Every TOML field maps to an environment variable:

HEXON_<SECTION>_<KEY>

Section and key names are uppercased
Dots become underscores
Non-alphanumeric characters become underscores

Examples

TOML Field	Environment Variable
`[service] hostname`	`HEXON_SERVICE_HOSTNAME`
`[service] port`	`HEXON_SERVICE_PORT`
`[cluster] cluster_key`	`HEXON_CLUSTER_CLUSTER_KEY`
`[vpn.network] subnet`	`HEXON_VPN_NETWORK_SUBNET`
`[telemetry] log_level`	`HEXON_TELEMETRY_LOG_LEVEL`
`[smtp] host`	`HEXON_SMTP_HOST`

Array Items

For array elements (like OIDC clients or proxy mappings), the item’s name or app field becomes part of the variable name:

HEXON_<SECTION>_<ARRAY>_<ITEMNAME>_<KEY>

Item names are sanitized: uppercased, non-alphanumeric characters replaced with underscores.

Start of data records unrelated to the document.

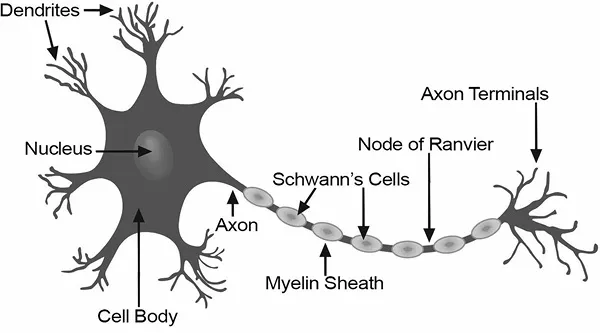 Each neuron has three basic parts: cell body (soma), one or more dendrites, and a single axon.
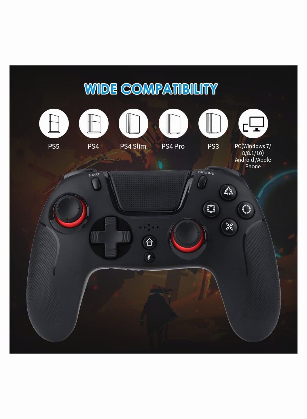 | nameOriginal | PS4 Controller, DualShock 4 Wireless Controller with 6-Axis Sensitive Joystick/Audio/Touchpad, Bluetooth Game Remote Compatible with PlayStation 4/Slim/Pro/PC |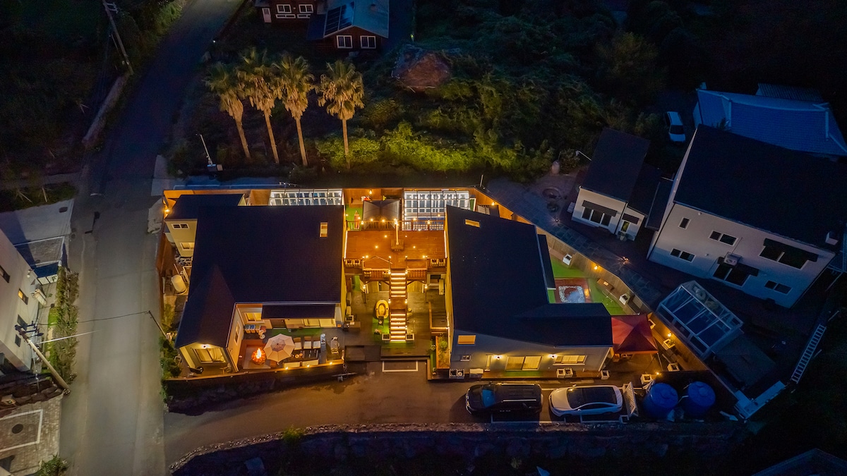 # C'est la maison de ville la plus proche de l'aéroport de Jeju. C'est à 15 minutes à pied de l'aéroport et à 5 minutes en voiture. Si vous regardez vers l'aéroport depuis la terrasse du 4ème étage, vous pouvez profiter d'une vue panoramique en harmonie avec la mer au loin. (Especialement la nuit) Comme il est juste en face de l'aéroport, il a l'avantage de pouvoir se rendre à l'aéroport le plus rapidement possible après la fin du voyage. # Il s'agit d'un bâtiment de 4 étages sur un terrain de 150 pyeong. Tous les espaces extérieurs de l'hébergement ont un paysage soigneusement entretenu par la mère de l'hôte. Il faut l'admirer, mais ne pas le cueillir car elle est entretenue avec beaucoup d'efforts. # Il y a un spa extérieur où vous pourrez profiter de jeux d'eau sur la terrasse du 4ème étage. Il n'y a pas de coût. Il y a une installation de nettoyage automatique, vous pouvez donc l'utiliser pendant que vous l'utilisez. Cependant, il faut du temps pour remplir l'eau, donc vous devez nous en informer à l'avance avant l'enregistrement. Autres précautions Jusqu'à 12 personnes peuvent être utilisées pour 8 personnes, et si le nombre de personnes standard est dépassé, un supplément de 20 000 KRW par personne et par nuit sera facturé.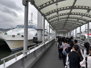 修学旅行2日目。本日は高速船に乗って五島列島へ向かい、五島の大自然に触れ、青砂ヶ浦天主堂ではミサに与りました。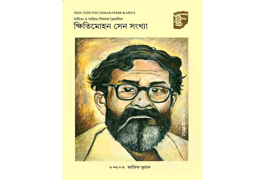 ১৯০৪ সালে রবীন্দ্রনাথকে প্রথম দেখেন ক্ষিতিমোহন সেন— কার্জন থিয়েটারে ‘স্বদেশি সমাজ’ প্রবন্ধপাঠের এসেছিলেন কবি। চার বছর পর রবীন্দ্রনাথের আমন্ত্রণে তাঁর শান্তিনিকেতন আসা, তিন দশকেরও বেশি রবীন্দ্রসান্নিধ্য, ১৯৪১-এ আশ্রম থেকে কবির শেষ বিদায়ক্ষণ পর্যন্ত। কবীর দাদূ রজ্জব প্রমুখ মরমিয়া সাধকদের চিনিয়েছিলেন ক্ষিতিমোহন, তাঁর মননাশ্রয়ে ভারতীয় মধ্যযুগের সাধনার ধারা, ভারতে হিন্দু-মুসলমানের যুক্ত সাধনা মূর্ত হয়েছে গ্রন্থাকারে, লিখেছেন বাউল থেকে রামমোহন, নানা বিষয়ে। বিভেদে দীর্ণ এই সময়ে তাঁকে পড়া দরকার আরও বেশি করে। সেই তাগিদ থেকেই ‘ক্ষিতিমোহন সেন বিশেষ সংখ্যা’ প্রকাশ করেছে দিবারাত্রির কাব্য পত্রিকা (সম্পা: আফিফ ফুয়াদ)। ৩৮টি প্রবন্ধ, বাংলার সাধনা-র পুনর্মুদ্রণ, সারস্বতের জীবন ও কাজকে ফিরে দেখা। সঙ্গের ছবিতে পত্রিকার প্রচ্ছদ।

TOML Field	Environment Variable
`[[authentication.oidc.clients]]` name=“MyApp” → `client_secret`	`HEXON_AUTHENTICATION_OIDC_CLIENTS_MYAPP_CLIENTSECRET`

Important: Only items already defined in the TOML file can be overridden via environment variables. You cannot create new array items with env vars — define them in TOML first, then override specific fields.

Type Conversion

Environment variables are automatically converted to the correct type:

Type	Format	Example
String	As-is	`HEXON_SERVICE_HOSTNAME=access.example.com`
Integer	Numeric	`HEXON_SERVICE_PORT=8443`
Boolean	`true`/`false`, `1`/`0`, `yes`/`no` (case-insensitive)	`HEXON_CLUSTER_CLUSTER_MODE=true`
Duration	Go duration string	`HEXON_BASTION_SESSION_TTL=8h`
Array	Comma-separated	`HEXON_SERVICE_PROXY_CIDR=10.0.0.0/8,172.16.0.0/12`

Template Substitution

Embed arbitrary environment variable names directly in TOML values using ${VAR} syntax:

[authentication.oidc.clients]
name = "my-app"
client_secret = "${VAULT_OIDC_SECRET}"

[smtp]
password = "${SMTP_PASSWORD}"

This lets operators use their own naming conventions (e.g., Vault-injected secrets) without being constrained to the HEXON_* prefix.

Rules:

Pattern: ${VARNAME} — braces are required ($VAR without braces is not expanded)
Unset variables are left as the literal string ${VARNAME}
No recursive expansion
Variable names must match [a-zA-Z_][a-zA-Z0-9_]*

GitOps Variables

These dedicated environment variables control Git-based configuration loading:

Variable	Description	Default
`CONFIG_GIT_REPO`	Repository URL (HTTPS or SSH)	—
`CONFIG_GIT_BRANCH`	Branch name	—
`CONFIG_GIT_PATH`	Local clone path	`/tmp/hexon-config`
`CONFIG_GIT_POLLING`	Enable remote polling	`false`
`CONFIG_GIT_POLLING_TIME`	Polling interval (min: 30s)	`5m`
`CONFIG_GIT_USER`	HTTPS authentication username	—
`CONFIG_GIT_TOKEN`	HTTPS authentication token/PAT	—
`CONFIG_GIT_SSH_KEY`	SSH private key (inline PEM or file path)	—

Directory-Based Config

Pass a directory path instead of a file:

./hexongateway -config /etc/hexon/conf.d/

All *.toml files are merged recursively in alphabetical order:

Maps merge recursively (nested sections combine)
Arrays concatenate (proxy mappings from multiple files combine)
Scalars use last-wins (later files override earlier ones)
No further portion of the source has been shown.